Hawaii Missile Alert Worker Fired, Will Sue State for Defamation (khon2.com)
This week Hawaii finally fired the employee who issued a false missile alert warning to the entire state, while the head of the state's emergency management agency resigned, another official quit, and a fourth was suspended over the incident. But new details also emerged about the incident:
- After alerting workers on the wrong shift, the night supervisor "had started the drill by calling the day shift warning officers, who had not been told there was to be an exercise, and pretending to be U.S. Pacific Command," reports the Guardian, citing the FCC's investigation. The investigation confirmed that his script for the drill included the phrase "this is not a drill" (though it also began and ended with the words "exercise, exercise, exercise.")

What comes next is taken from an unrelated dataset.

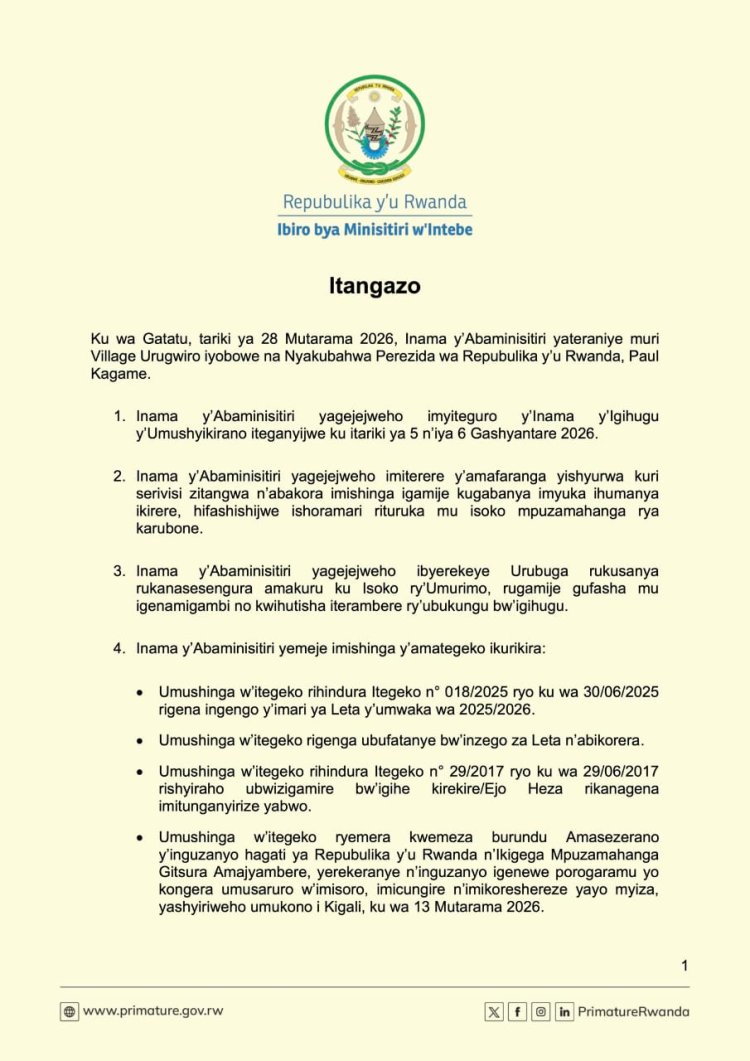Inama y’Abaminisitiri yateranye ku wa 28 Mutarama (01) 2026 yemeje iteka rya Minisitiri rigena uburyo bwo gutanga ibigenerwa umunyamuryango wa Ejo Heza, rishyiraho amavugurura yemerera abanyamuryango gukoresha igice cy’ubwizigame bwabo mbere y’imyaka y’izabukuru ndetse no koroshya ibisabwa kugira ngo bahabwe pansiyo ya buri kwezi.

- The New York Daily News reports that the warning officer missed those words "because someone in the office picked up the receiver instead of hitting the speaker." And he insists that "I'm really not to blame in this. It was a system failure. And I did what I was trained to do. I can't say that I would do anything differently based on what I saw and heard." His lawyer adds that "The place was a circus and they got their scapegoat... All that was missing were clowns and balloons."
- The fired worker now plans to sue the state of Hawaii for defamation, and possibly also for libel and slander, according to his lawyer, "because they lied about what happened." He also says that his client has already received numerous death threats.
- Washington Post audience editor says the incident happened "because Hawaii rewards incompetence," noting the employee behind the missile alert "had a history of performance problems and had been 'a source of concern,'" adding that the FCC reported that previously the employee "has confused real life events and drills on at least two separate occasions."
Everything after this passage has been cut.